Even farther southwards are the Ahelmil (probably in the region of Halmstad), Finnaithae (in Finnveden), Fervir (Fjäre Hundred), and Gauthigoth (the Västergötland Geats). Then come the Mixi, Evagre, and Otingis.

Southernmost in Scandinavia live the Ostrogoths (the Östergötland Geats), Aeragnaricii, and the most gentle Finns, 'milder than all the inhabitants of Scandza'. Similarly located are the Vinovilith, Suetidi (Swedes again), and Dani (Danes), the latter being responsible for driving out the Heruli.

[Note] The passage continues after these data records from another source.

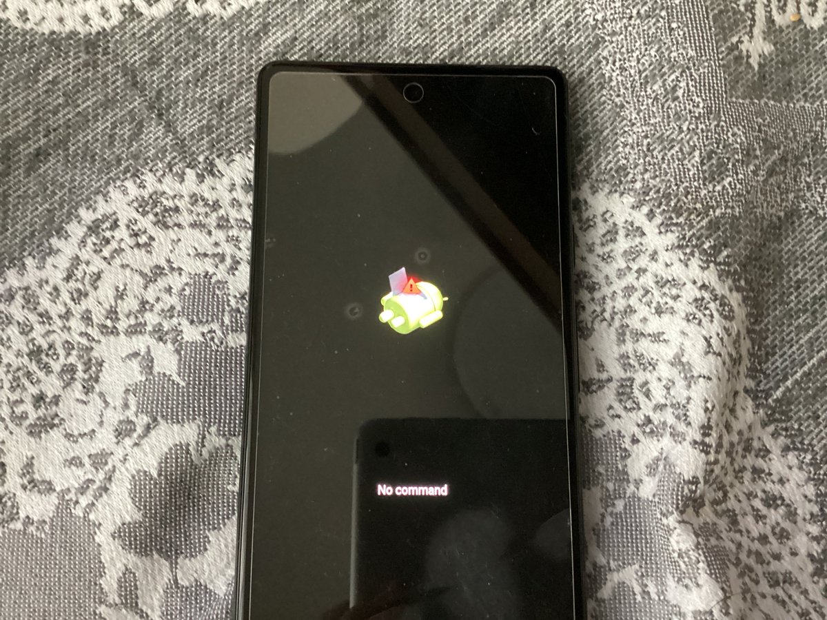 スマホの電源を切った状態で、電源ボタン + 音量下げる を同時押しすると以下のような画面が表示されます。 充電がない場合は充電しましょう。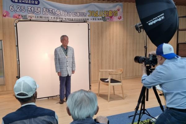 [한국뉴스타임=명기자] 남양주시 퇴계원읍 주민자치위원회는 지난 8일 호국보훈의 달을 맞아 라미 현 사진작가와 함께 관내 6·25 전쟁 참전용사 어르신 10여 분을 모시고 기념사진 촬영 행사인 ‘프로젝트 솔져’를 진행했다.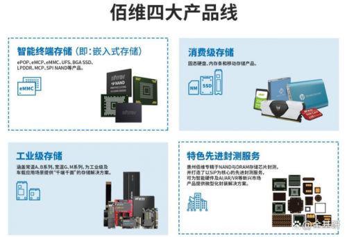 具體來看,佰維存儲(chǔ)專精于半導(dǎo)體存儲(chǔ)器領(lǐng)域,布局了嵌入式存儲(chǔ)(UFS、eMMC、LPDDR、eMCP、MCP、SPI NAND、BGA SSD等)、固態(tài)硬盤(SATA/PCIe)、內(nèi)存模組(SO-DIMM/U-DIMM)、存儲(chǔ)卡(SD卡、CF卡、CFast卡、CFexpress卡、NM卡)等完整的產(chǎn)品線矩陣,涵蓋NAND Flash和DRAM存儲(chǔ)器的各個(gè)主要類別。
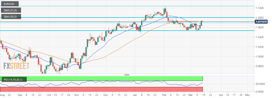 发稿时,欧元/美元正徘徊于50日移动均线(DMA)附近,该水平目前处在1.0727附近,阻止汇价进一步上涨。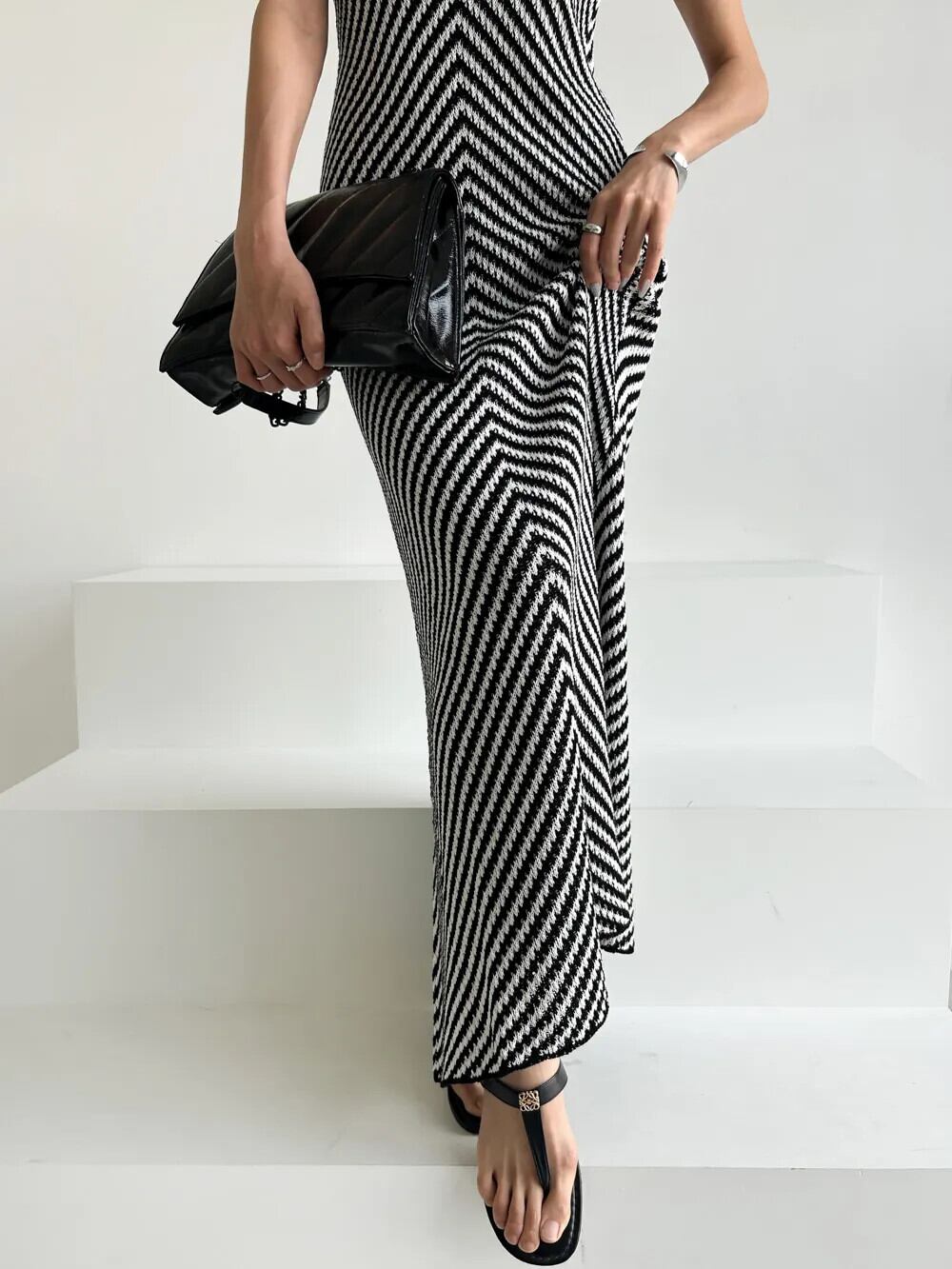 ニットドレスローブボディコンラウンドネック黒ストライプドレスコントラストカラーパッチワーク臀部スリムノースリーブニットドレス ブラック Oネック
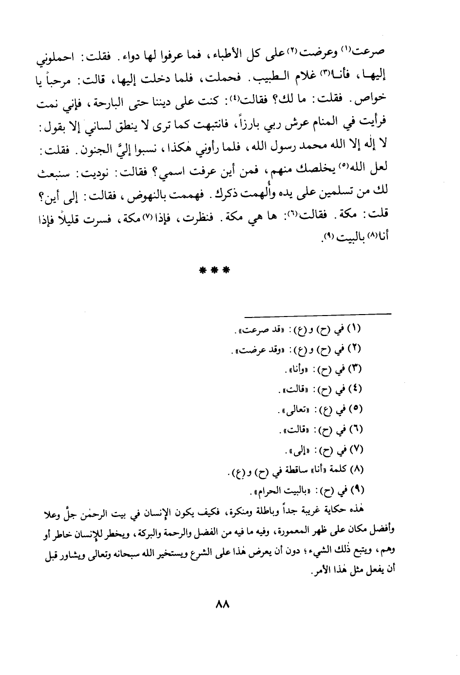 صرعت وعرضت عَلَى كُلِّ الأَطِبَاءِ، فَمَا عَرَفُوا لَهَا دَوَاءً. فقلت: احملوني إِلَيْهَا، فَأَنَا غُلامُ الطَّبِيبِ. فَحُمِلْتُ، فَلَمَّا دَخَلْتُ إِلَيْهَا، قَالَتْ: مَرْحَبًا يَا خَوَّاصُ. فَقُلْتُ: مَا لَكِ؟ فَقَالَتْ: كُنْتُ عَلَى دِينِنَا حَتَّى الْبَارِحَةِ، فإني نمت فرأيت في المنام عَرْشَ رَبِّي بَارِزًا، فَانْتَبَهْتُ كَمَا تَرَى لا ينطق لِسَانِي إِلا بِقَوْلِ: لا إِلَهَ إِلا اللَّهُ محمد رسول الله، فلما رأوني هكذا، نسبوا إِلَى الْجُنُونِ. فَقُلْتُ: لَعَلَّ اللَّهَ يُخُلِّصُكِ مِنْهُمْ، فمن أين عرفت اسمي؟ فقالت: نوديت: سنبعث لك من تسلمين على يده وَأُلْهِمْتُ ذِكْرَكَ. فَهَمَمْتُ بِالنُّهُوضِ، فَقَالَتْ: إِلَى أَيْنَ؟ قلت: مَكَّةَ. فَقَالَتْ: هَا هِيَ مَكَّةُ. فَنَظَرْتُ، فَإِذَا مَكَّةَ، فَسِرْتُ قَلِيلا فَإِذَا أَنَا بِالْبَيْتِ.

In modern Norway the Adogit live in the far north. Farther south are the Grannii (Grenland), Augandzi (Agder), Eunixi, Taetel, Rugii (Rogaland), Arochi (Hördaland, who have been linked to the Charudes) and Ranii, with the Raumarici (the later kingdom of Raumarike) close to modern Oslo.

568

The death of Eastern Roman Emperor Justinian I in 565 ends a period of strong rule in Italy. The advent of the Avars in south-eastern Europe triggers a wave of migration which sees the remnants of the Gepids join the Langobards and both groups enter northern Italy along with various flotsam and jetsam.

Pannonian basin
The Pannonian basin is a marked topographical low in Central Europe which is surrounded on all sides by mountain ranges, making it ideally defensible

It also permanently ends Germanic dominance in Pannonia (modern Hungary). Following the Langobard migration southwards, a new confederation, the Bavarii, forms in their place to the north of the Danube, in modern south-eastern Germany.

585

The Suevi kingdom in the Iberian peninsula falls to the Visigoths. It is incorporated into the Visigoth territories as its sixth province, although the Suevi population is generally left alone to provide this corner of Iberia with a distinctive cultural addition.

700s

The process of civilising and Christianising the Germanic peoples has long been underway. By the eighth century they have formed kingdoms which have existed for over three centuries in some cases, and can no longer be considered to be barbarians. Instead, they rule half of Europe.

Baptism of Clovis in Reims: http://www.museehistoiredefrance.fr/index.php?option=com_oeuvre&view=detail&cid=205
The baptism of Clovis in Reims in 496 made him the only barbarian Christian king and won him increased support from his former Roman subjects in Gaul. This romantic recreation of the event was by François-Louis Dejuinne (1786-1844), completed in 1837

After the disappearance of Germanic ethnic origins (in the form of their tribes) in the High Middle Ages, the cultural identity of Europe is built on the idea of Christendom as opposed to Islam, with this construction serving to unite a European external view of the world. Right now, though, it is the Merovingian kingdom which forms the leading Germanic state in western and Central Europe.